> _Task_
Wherever pictures appear in the listing below, leave them out, and copy exactly, and only, everything from the line with "- HAND MADE" down to the line with "5. 申请中职文化课教师资格的人员参加高级中学教师各科考试。".

> _Extracted information_
********************

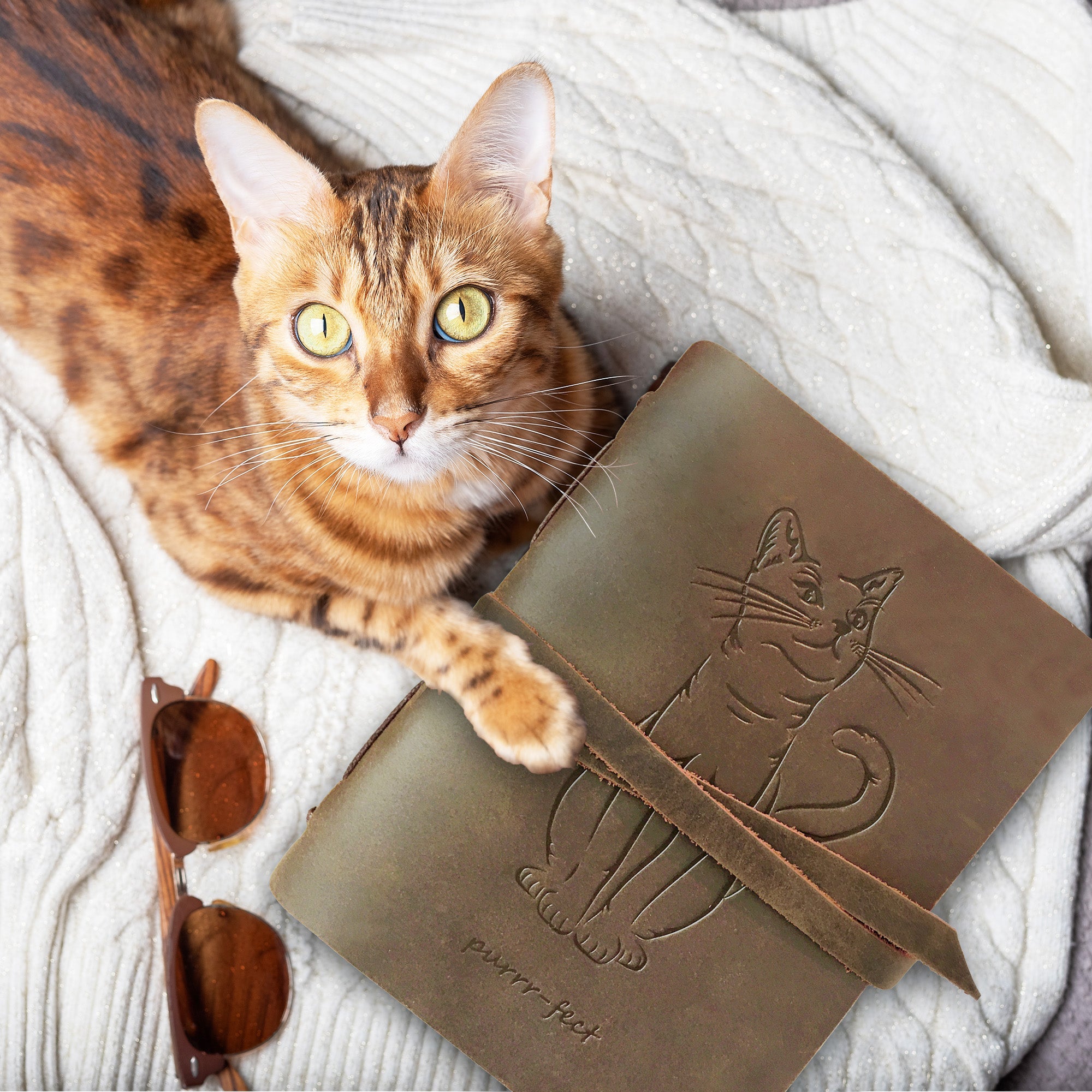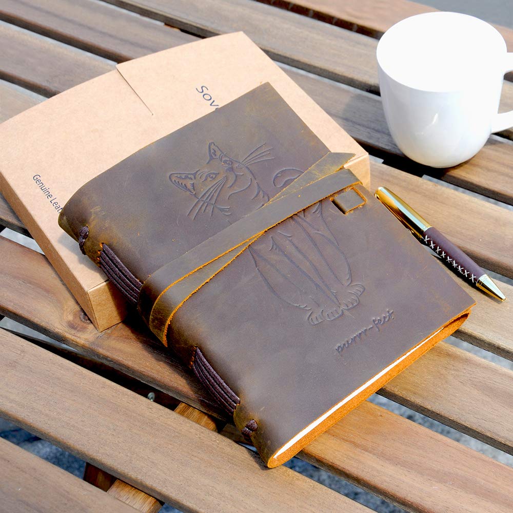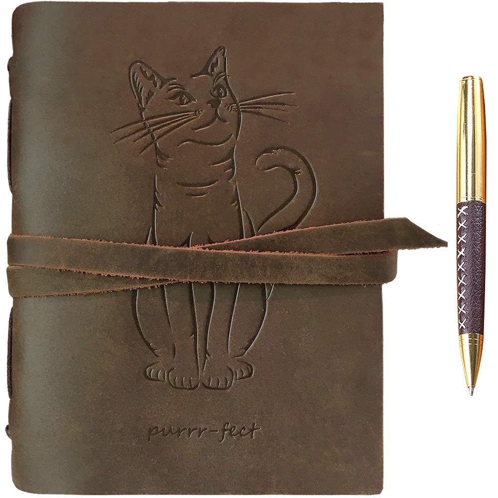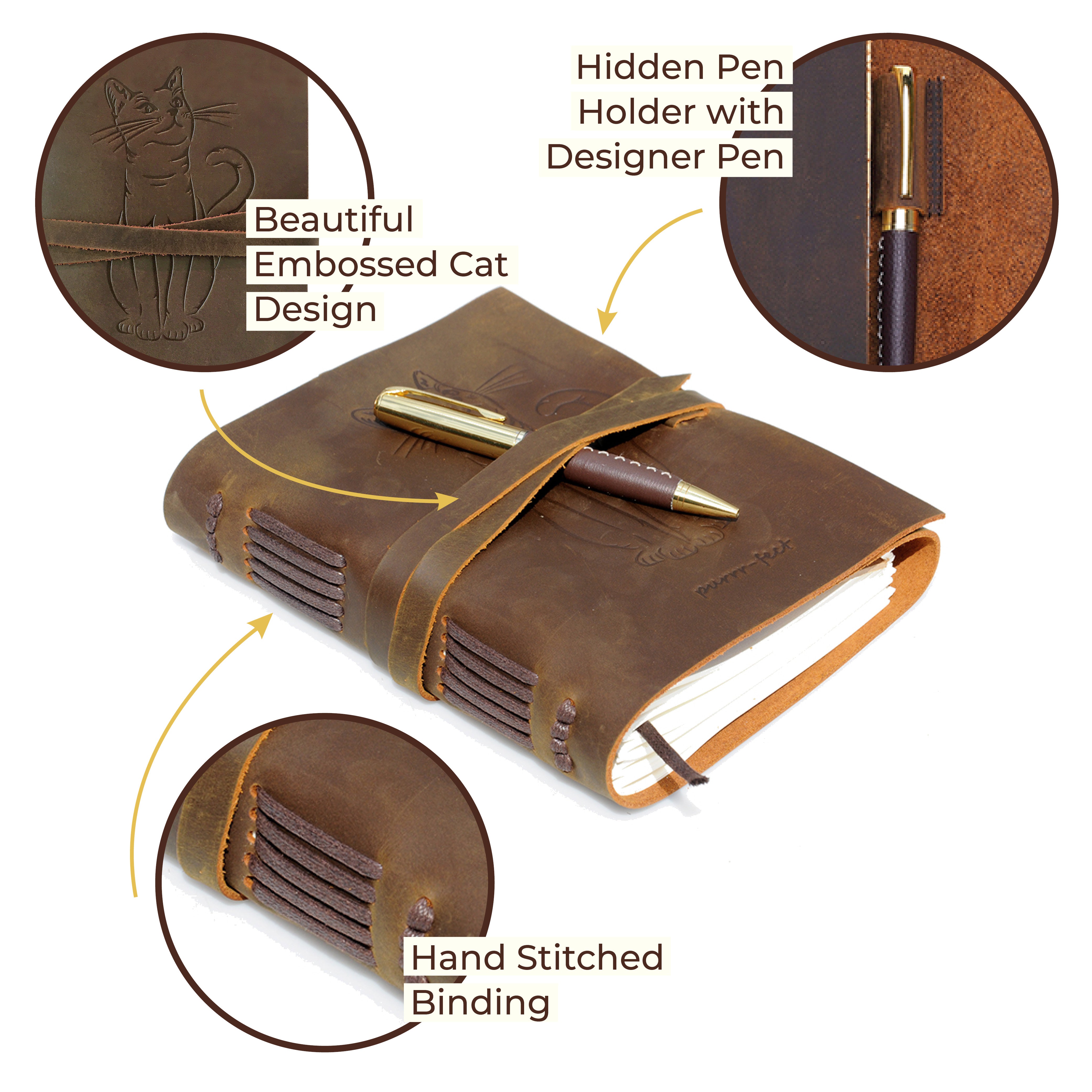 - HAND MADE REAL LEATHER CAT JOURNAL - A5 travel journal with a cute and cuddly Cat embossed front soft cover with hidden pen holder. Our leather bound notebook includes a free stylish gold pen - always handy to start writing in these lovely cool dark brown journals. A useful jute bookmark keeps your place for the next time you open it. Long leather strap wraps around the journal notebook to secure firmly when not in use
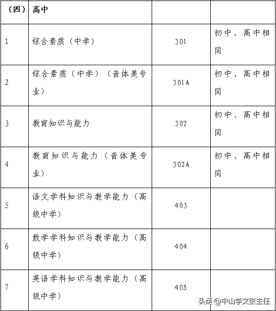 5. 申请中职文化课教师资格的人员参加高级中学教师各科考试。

********************

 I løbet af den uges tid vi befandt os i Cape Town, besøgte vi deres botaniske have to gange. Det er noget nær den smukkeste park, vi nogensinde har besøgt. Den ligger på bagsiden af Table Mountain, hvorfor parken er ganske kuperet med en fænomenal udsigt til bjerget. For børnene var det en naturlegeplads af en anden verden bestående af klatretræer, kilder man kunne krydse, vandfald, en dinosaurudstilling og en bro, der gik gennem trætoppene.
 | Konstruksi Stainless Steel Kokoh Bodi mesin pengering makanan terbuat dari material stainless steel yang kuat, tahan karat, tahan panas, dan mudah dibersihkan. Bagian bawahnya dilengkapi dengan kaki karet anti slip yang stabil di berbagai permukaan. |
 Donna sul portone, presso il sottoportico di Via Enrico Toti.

********************

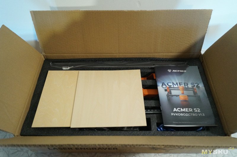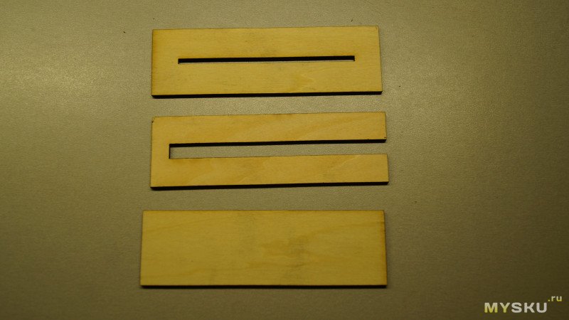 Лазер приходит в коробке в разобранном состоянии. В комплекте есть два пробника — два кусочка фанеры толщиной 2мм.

********************

> _Solution for this task_
 - HAND MADE REAL LEATHER CAT JOURNAL - A5 travel journal with a cute and cuddly Cat embossed front soft cover with hidden pen holder. Our leather bound notebook includes a free stylish gold pen - always handy to start writing in these lovely cool dark brown journals. A useful jute bookmark keeps your place for the next time you open it. Long leather strap wraps around the journal notebook to secure firmly when not in use
 5. 申请中职文化课教师资格的人员参加高级中学教师各科考试。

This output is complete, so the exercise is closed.